There are also effects on the wider region to consider. A military attack would hand the allies and heirs of Osama bin Laden a massive propaganda victory, gift-wrapped for their convenience. Their argument is that American "crusaders" are, in effect, already at war with the greater Muslim polity, which has no choice but to fight back with whatever means it has to hand. By attacking an Arab country without any direct provocation, we will be proving their case, and potentially doing much to destabilize the region.

Also, the stress on Iraq to the exclusion of all other threats is peculiar, to say the least. Why is Iraq more of a threat than, say, North Korea, which is a state run by madmen, which sells missile technology to all comers, and may already possess nuclear weapons? The administration does not address the question. Yet it is engaged in diplomacy with the North Koreans --- as treacherous a regime as exists on the planet --- even as it proclaims the impossibility of similar dealing with Saddam Hussein.

Lastly, there is a disturbing pattern in the administration's arguments, of the use of evidence of, to put it kindly, debatable quality. The American people deserve better.

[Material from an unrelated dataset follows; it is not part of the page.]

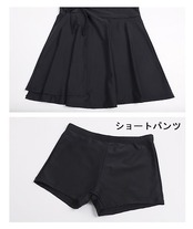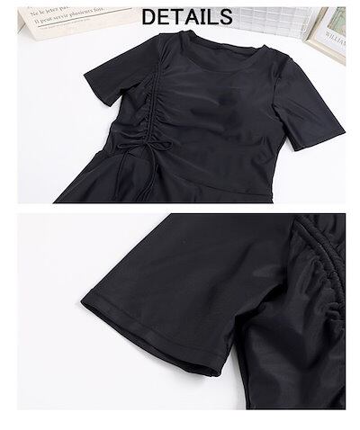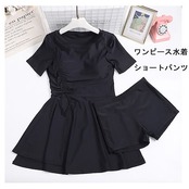 水着 レディース ワンピース水着 セットアップ ショートパンツ ぽっちゃり 袖あり 半袖 露出控えめ 体型カバー お腹カバー お尻カバー 2点セット ブラック 無地 シンプル 可愛い フレアスカート
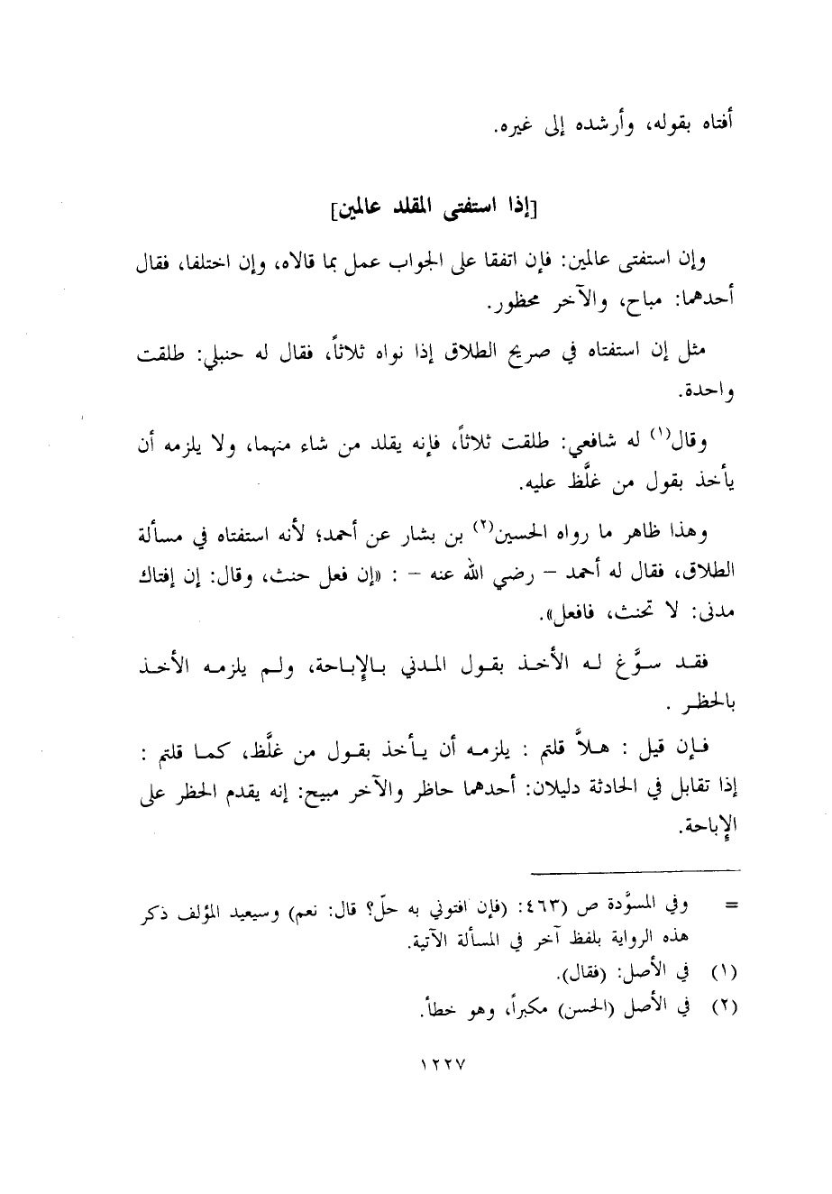 وهذا ظاهر ما رواه الحسين (2) بن بشار عن أحمد؛ لأنه استفتاه في مسألة الطلاق، فقال له أحمد - رضي الله عنه -: "إن فعل حنث، وقال: إن إفتاك مدني: لا تحنث، فافعل".

Four decades ago, a president came to Congress with a story about an attack on American forces, and demanded authorization for a military response. He got it. We now know that there was no attack, and the authorization he got looks from a distance like very poor judgment. I hope we have learned from our history and experience.

This letter is posted as part of the Open Letters Blogburst, one of many postings expressing their concern at the present situation. For a list of other posts, see the blogburst index.

Monday, October 07, 2002

I support the "open letters" blogburst, but my own contribution is likely to be delayed a day or two, to respond directly to whatever points Bush makes in his speech tonight. To see what others have written already, look there.

In the meantime, though, a few pointers to past writing of mine on the subject. Even if you think in "clash of civilization" terms, it doesn't follow that military responses are necessarily the only ones, or the best (nor Iraq necessarily the best target). And even if you take the Bush preemptive-war doctrine on its own terms, there are targets that fit the criteria better than Iraq, including one of our allies.